| HN Mirror

Sounds like an interesting masters thesis. Is your masters thesis available online somewhere?

Well, not sure about the final doc that went to the university, but this is the almost final draft.

https://docs.google.com/document/d/e/2PACX-1vSyWbtX700kYJgqe...

Since its in Cyrillic you should perhaps use a translation service. There are some screens showing results, though as I was really on a tight deadline, and its not a PHD but masters thesis, I decided to not go into in-depth evaluation of the proposed methodology against SPIDER (https://yale-lily.github.io/spider). Even though you can find the simplifed GBNF grammar, also some of the outputs. The grammar, interestingly it benefits/exploits a bug in llama.cpp which allows some sort of recursively-chained rules. Bibliography is in English, but really - there is so much written on the topic, by no means comprehensive.

Sadly no open inference engine (at time of writing) was both good enough in beam search, and grammars, so this whole things needs to perhaps be redone in pytorch.

If I find myself in a position to do this for commercial goals, I'd also explore the possibility of having human-catered SQLs against the particular schema, in order to guide the model better. And then do RAG on the DB for more context. Note: I'm already doing E/R model reduction to the minimal connected graph which includes all entities of particular interest to the present query.

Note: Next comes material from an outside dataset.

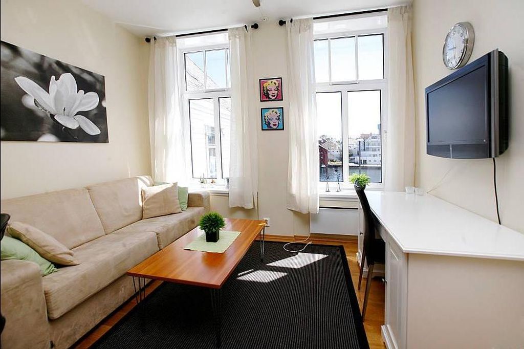 В крохотном помещении можно создать потрясающий интерьер, как в этой симпатичной комнатке. Гостиная, включает все необходимое: вместительный диван, столик, ТВ-зону с секцией. Дополняют стильный дизайн подвесные потолки и модные фотообои.

And finally, since you got that far - the real real problem with restricting LLM output with grammars is the tokenization. Because all parsers work reading one char at a time, and tokens are very often few chars, so the parser in a way needs to be able to "lookahead", which it normally does not. I believe OpenAI wrote they realized this also, but I can't really find the article atm.

Thanks. Took a quick look and definitely needed to use Google Translate but seems to have worked to get the gist of it.

There's local applications of parallel processing; your average chatbot wouldn't use it, but a research bot with multiple simultaneous queries will, for example.

Better local beamsearch would be really nice to have, though.

I do wonder if recursion is particularly hard for LLMs, given that they have a hard limit on how much they can loop for a given token. (Absent beam search, reasoning models, and other trickery.)

Given a prolog (not problog, but the non-stochastic one) source is a parametric grammar, we can perhaps* argue the inference on the programming logic level can be unfolded by using a pen and pencil. think L-systems, they are self-similar, and recursively defined. The catch is that the whole sequence gets rewritten on each step. If you can get the LLM to do this as it progresses with generation - you get recursion. Question is whether you can get the LLM rewrite the context window, and my bet would be someone is already working on it.

* I say perhaps, because PROLOG engines normally don't rewrite strings like crazy while doing inference, so my statement may be somewhat off.